Let \(p: E \ra F\) be a polynomial map, \(p \neq 0\). By Lemma (2) 🔗 the decomposition \(p(x) = \sum_{k=0}^n \frac{1}{k!} A_k[x^{\tensor k}]\) is unique. We can hence define:

  • \(\deg(p):= n \in \IN_0\) the degree of \(p\). By convention \(\deg(0) = - \infty\).
  • \(\pi_k(p) := p_k: E \ra F\) the degree-k part of \(p\).
  • \(\Pol_k(p) := A_k \in \KL^s(^k E, F)\) the degree-k polarization of \(p\).
  • \(\pi_{\leq k}(p) \in \mathcal{P}_{\le k}(E,F)\) the (lower) degree truncation of \(p\).
  • \(\pi_{> k}(p) \in \mathcal{P}_{> k}(E,F)\) the upper degree truncation of \(p\).

We will make use of the following properties of polynomial maps:

(4) Lemma (Polynomial Properties). Let \(p : E \ra F\), \(q: F \ra G\) be polynomial maps.

  1. (Composition) The composition \(q \circ p: E \ra G\) is a polynomial with \(\deg(q \circ p) \leq \deg(q) \cdot \deg(p)\).
  2. (Lipschitz) There exists \(\eps > 0, C>0\) such that \(\|\Delta_{0} p(x)\| \le C \|x\|\) for all \(\|x\| < \eps\).
  3. (Upper Vanishing) We have \(\| \pi_{> k}(p)(x)\| / \|x\|^{k} \ra 0\) for \(x \ra 0\).
  4. (Lower Vanishing) If \(\|p(x)\| / \|x\|^{k} \ra 0\) for \(x \ra 0\), and \(k \geq \deg(p)\) then \(p = 0\).

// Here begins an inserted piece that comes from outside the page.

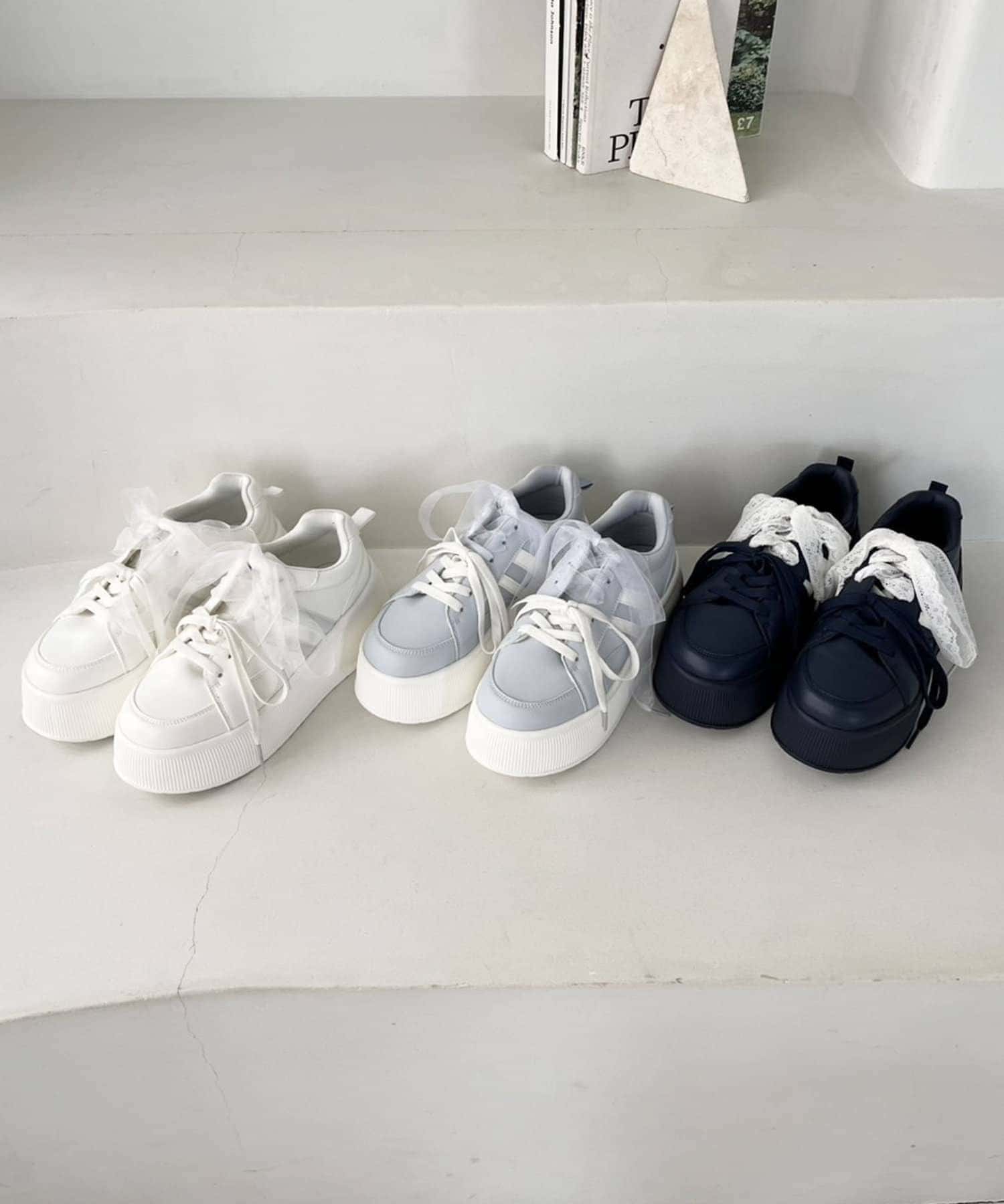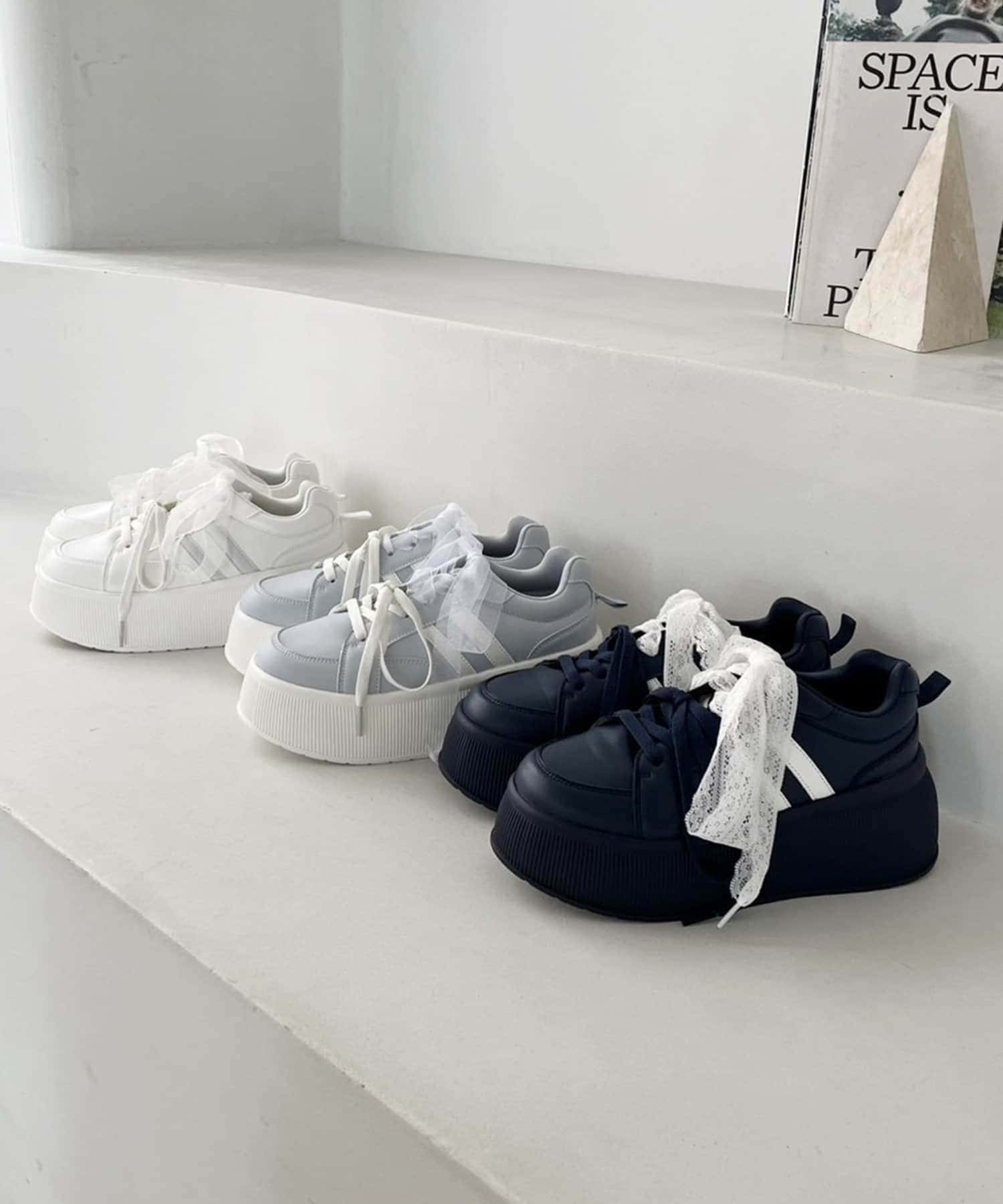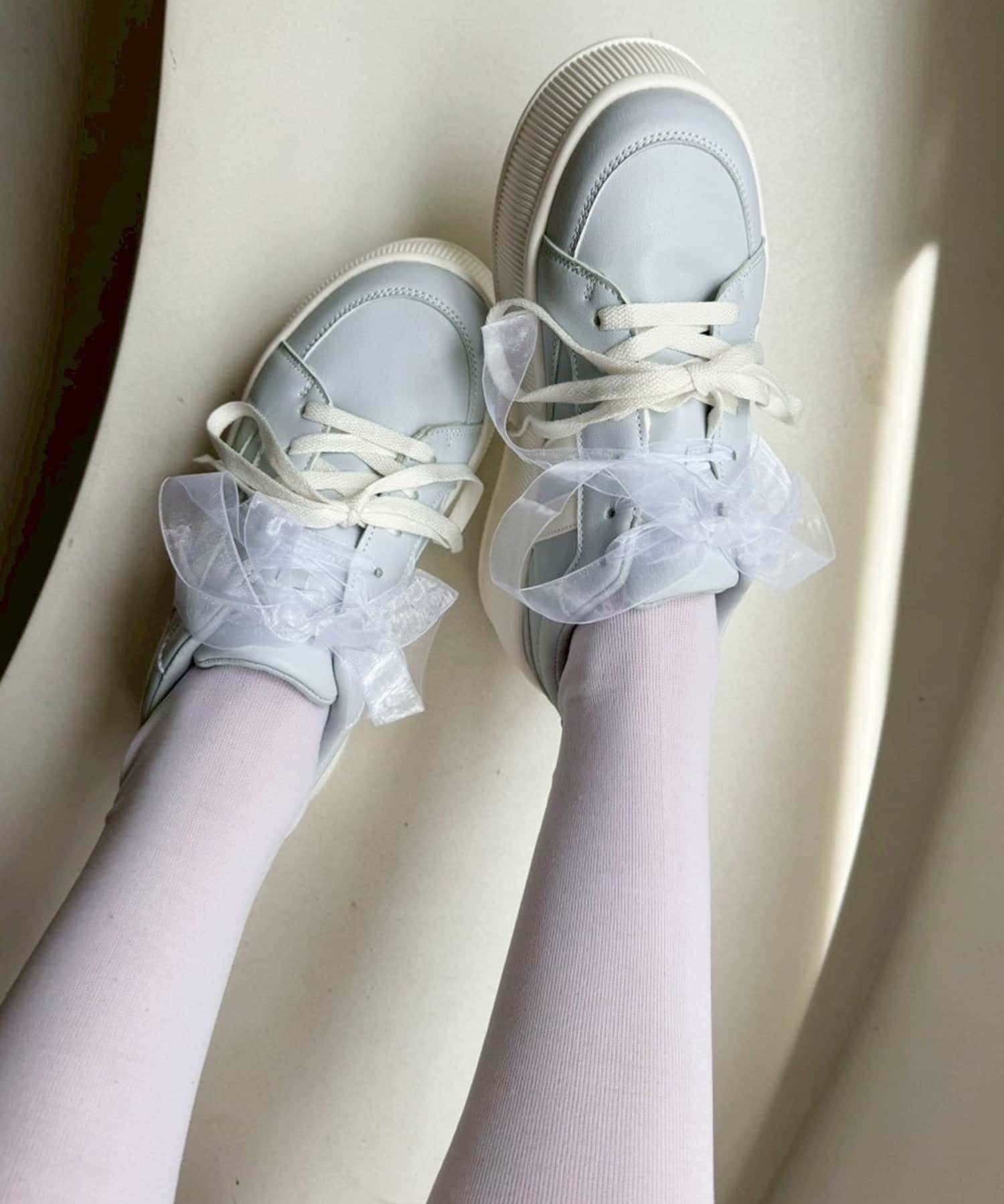 靴紐とリボンがセットになっているので気分によって付け方を変えられます。

Proof. Ad 1) Expanding \(q(p(x))\) by multilinearity yields a sum of terms \(B[A_1[x^{\tensor j_1}], \dots, A_\ell[x^{\tensor j_\ell}]]\) where \(B \in \KL(^\ell F, G)\) and \(A_i \in \KL(^{j_i} E, F)\) are bounded multilinear.

The composition \((u_1,\dots,u_k) \mapsto B[A_1[u_{I_1}], \dots, A_\ell[u_{I_\ell}]]\) is bounded multilinear, hence each term is a homogeneous polynomial of degree \(j_1 + \cdots + j_\ell \leq \ell \cdot \deg(p)\). Thus \(q \circ p\) is a polynomial with \(\deg(q \circ p) \leq \deg(q) \cdot \deg(p)\).

Ad 2) Write \(\Delta_0 p(x) = p(x) - p(0) = \sum_{j=1}^m \frac{1}{j!} A_j[x^{\tensor j}]\) with \(A_j \in \KL^s(^j E, F)\) bounded. For \(\|x\| < 1\) we have \(\|x\|^j \leq \|x\|\), hence \(\|\Delta_0 p(x)\| \leq \sum_{j=1}^m \frac{\|A_j\|}{j!} \|x\|^j \leq C\|x\|\) with \(C = \sum_{j=1}^m \frac{\|A_j\|}{j!}\).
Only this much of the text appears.